A more detailed report from local newspaper Shenzhen Special Zone Daily (深圳特区报), published on September 20 and shared by Yicai and other online outlets, illustrated another time-worn propaganda approach — the single-minded focus on official action and heroism. The report focused on the valiant attempts by the emergency services to rescue the boy. There was again no link made to the previous stabbing attempt in Suzhou. The attack, as they stated prominently at the top of their report — closely following the MFA line — was an “isolated case.” 

The only touch of compassion in the report came in the form of a few quotes from locals laying flowers at the school. “No matter where the child’s nationality is,” one note at the scene reportedly read, “since he lives and studies in Shenzhen, he is a child of Shenzhen.” 

Silencing Hints of Humanity

In fact, signs the public was interested and willing to discuss the broader context of the killing, as well as its causes and implications, were evident early on. Articles on WeChat linking the Shenzhen and Suzhou cases, as well as mentioning that images of the Japanese school’s entrance had been circulating on social media before the attack, were removed from the popular platform.

While such nuanced voices were stopped in their tracks, posts that urged online caution about the sensitivity of the September 18 anniversary were allowed to go viral.

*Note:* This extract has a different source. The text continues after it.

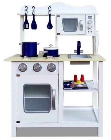 Если вы не готовы покупать большую кухню, а ваша юная хозяйка очень любит готовить, то этот вариант детской игровой кухни именно для вас. Нежно-розовое цветовое решение с яркими акцентами привлекает взгляд. Данная модель полностью укомплектована посудой, есть духовка, шкафчики, раковина и микроволновая печь.
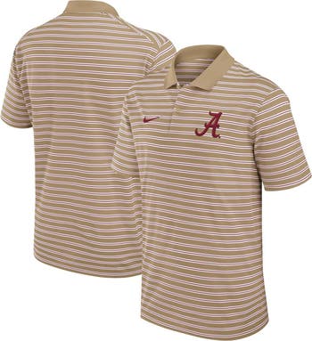 Stay cool and dry in this Alabama Crimson Tide Athletic Prep Striped Performance Polo by Nike. Its double pique fabric combines a lightweight feel with the sweat-wicking power of Dri-FIT technology for breathable comfort. A traditional stripe pattern complements the embroidered Alabama Crimson Tide patch, creating a timeless look.

One example was an article on Baidu about netizen outrage over an internet vlogger who had her account suspended for allegedly disparaging the anniversary by calling it “June 18.” 

A silence about context was enforced the day of the killing, state-affiliated media outlets readied the next, predictable phase — the demonizing of context itself. A commentary posted by Guancha on September 19 said that any netizens blaming the attack on patriotic education or “hate propaganda” would “produce a destructive effect” on society. 

The Shenzhen attack is a sensitive story on a number of fronts for China. For starters, the government — which has touted increasing foreign visits as a mark of economic turnaround — is wary of frightening away foreign tourists, businesspeople, and investors. The attack, the third high-profile assault on foreigners in China in recent months, risks undermining the leadership’s message that China is open and ready to engage again with the world following the pandemic downturn. 

The attack also risks undermining the simplistic narrative, advanced by state media, that China is fundamentally a society encouraging tolerance among civilizations — which has lately been a key pillar of what the leadership calls “Xi Jinping Thought on Culture.” The case tells us that despite China’s rhetoric of civilizational tolerance, the country has its own share, like perhaps any country, of individuals capable of violent xenophobia. 

But the most sensitive aspect of this story, the most dangerous question that can be asked, is why. Why is China experiencing such violent attacks, and against the Japanese in particular? The answer to that question is no doubt complex. And yet, as netizens made clear in their early, stillborn conversations on the Shenzhen attack, the role of China’s officially-encouraged culture of xenophobic ire — a culture of “toxic nationalism” —  is a serious issue that needs to be addressed. 

The brutal truth behind this savage attack is that this problem will not go away until the antipathy at its root, present in the media discourse of the state as much as in the heart of the attacker, can be faced head on.